This study aimed to systematically evaluate the efficacy of plasma exchange (PLEX) in patients with idiopathic inflammatory myositis (IIM) complicated by interstitial lung disease (ILD).

Method

We conducted a comprehensive literature search in Medline and EMBASE from their inception to August 2023, focusing on randomized controlled trials, cohort studies, and case-control studies involving IIM patients with ILD treated with PLEX compared to those treated with standard therapies. The primary outcome was the one-year survival rate. All the statistical analyses were performed using RevMan version 4.12.0.

Results

Out of 438 retrieved studies, 16 were selected for full-text review. Six cohort studies involving 148 patients with anti-melanoma differentiation-associated gene 5 (MDA5)-positive dermatomyositis or antisynthetase syndrome-related dermatomyositis with rapidly progressive ILD refractory to standard treatments (including glucocorticoids, immunosuppressive agents, or intravenous immunoglobulin) met the inclusion criteria. Patients receiving PLEX in addition to other therapies demonstrated a greater one-year survival rate (relative risk [RR] 1.59, 95 % CI 0.96–2.65, I2 52 %) than did patients in the non-PLEX group. Significance was reached in a sensitivity analysis after excluding one outlier (RR 1.71, 95 % confidence intervals [CI] 1.30–2.25; I2 0 %). Additionally, there was a trend suggesting that PLEX improved lung function, radiographic outcomes, and key serum biomarkers, such as Krebs von den Lungen-6 and ferritin. Funnel plot asymmetry suggested publication bias due to the lack of reporting of negative trials.
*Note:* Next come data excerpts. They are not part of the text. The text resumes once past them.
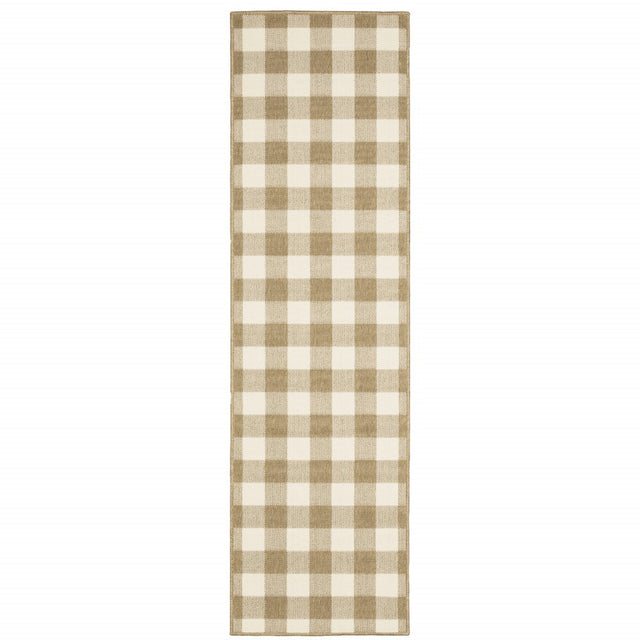 2' X 8' Gray and Ivory Geometric Stain Resistant Indoor Outdoor Area Rug
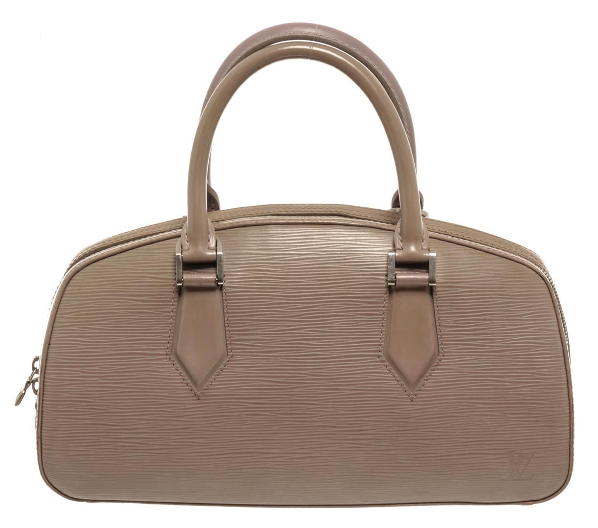 One Louis Vuitton Grey Jasmine Epi Leather Bag. Item is sold AS-IS. All available information is listed in the description and shown in the photo. Louis Vuitton Grey Jasmine Epi Leather Bag with top handle, grey suede lining, slip interior pocket, silver hardware, zipper closure.
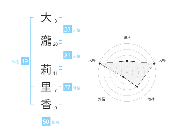 大瀧 莉里香さんを姓名の画数から五運を鑑定
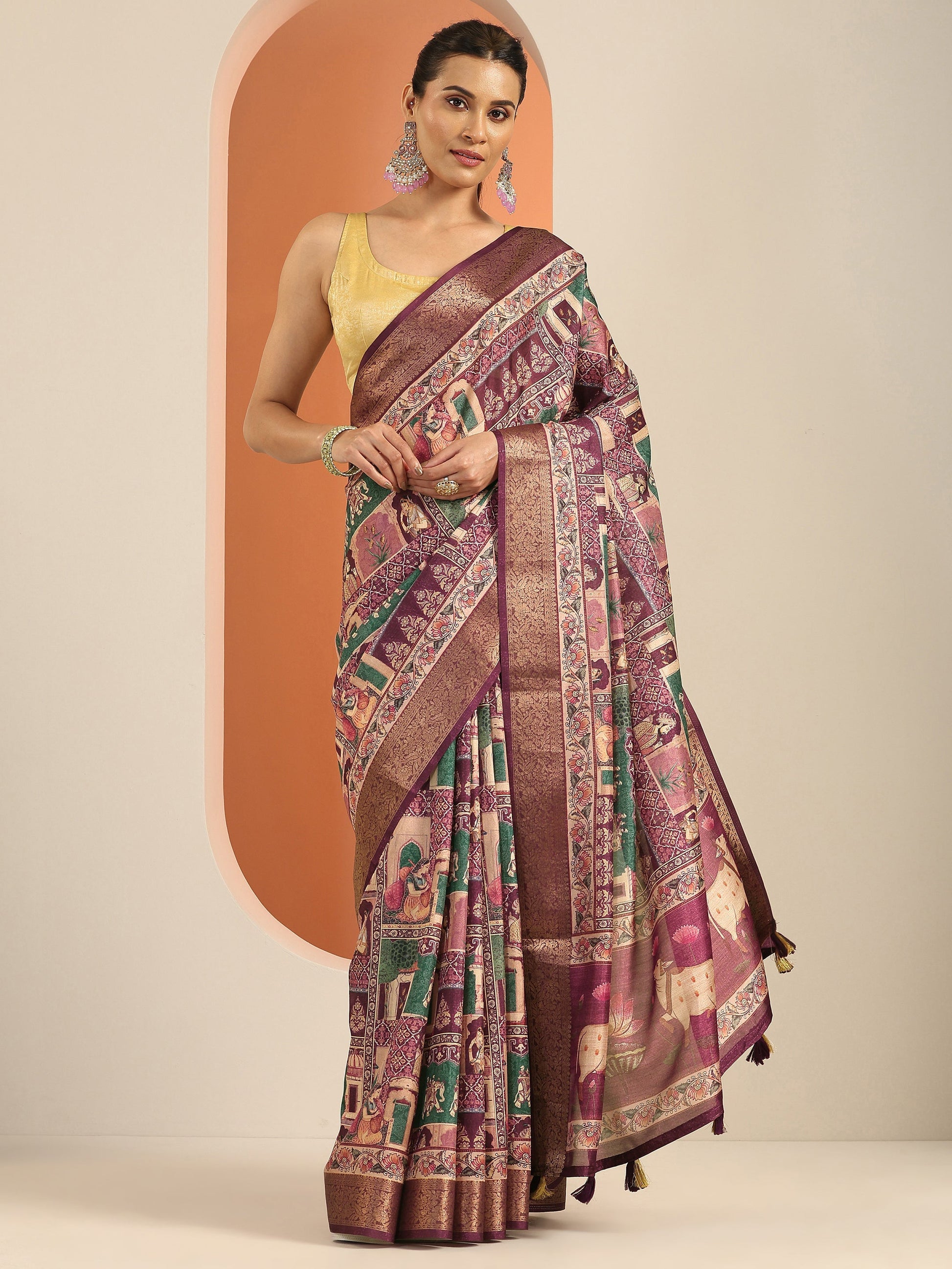 Our Maroon Printed Silk Blend Saree Features Captivating Tribal Printed Design. Complemented With A Unstitched Blouse Piece. This Charming Saree Is Perfect For Festive Wear.

All studies had a low risk of bias.

Conclusions

As an adjunctive therapy, PLEX improved one-year survival in IIM patients with rapidly progressive ILD who were unresponsive to standard treatments.
本研究旨在系统评估血浆置换术(PLEX)在特发性炎症性肌炎(IIM)并发间质性肺病(ILD)患者中的疗效。方法我们在Medline和EMBASE上进行了一次全面的文献检索,检索时间从开始到2023年8月,重点是随机对照试验、队列研究和病例对照研究,这些研究涉及接受PLEX治疗的IIM患者和接受标准疗法治疗的ILD患者。主要结果是一年生存率。所有统计分析均使用RevMan 4.12.0版本进行。结果在检索到的438项研究中,有16项被选中进行全文综述。有6项队列研究符合纳入标准,涉及148名抗黑素瘤分化相关基因5(MDA5)阳性皮肌炎或抗合成酶综合征相关皮肌炎患者,这些患者患有标准治疗(包括糖皮质激素、免疫抑制剂或静脉注射免疫球蛋白)难治的快速进展性ILD。与非PLEX组患者相比,在接受其他疗法的同时接受PLEX治疗的患者一年生存率更高(相对风险[RR] 1.59,95 % CI 0.96-2.65,I2 52 %)。在剔除一个异常值后进行的敏感性分析中,该结果具有显著性(RR 1.71,95% 置信区间 [CI] 1.30-2.25;I2 0%)。此外,还有一种趋势表明,PLEX 可改善肺功能、放射学结果和关键的血清生物标志物,如克雷布斯-冯-登肺-6 和铁蛋白。由于缺乏对阴性试验的报告,漏斗图不对称表明存在发表偏倚。所有研究的偏倚风险都很低。结论作为一种辅助疗法,PLEX可提高对标准疗法无反应的快速进展性ILD IIM患者的一年生存率。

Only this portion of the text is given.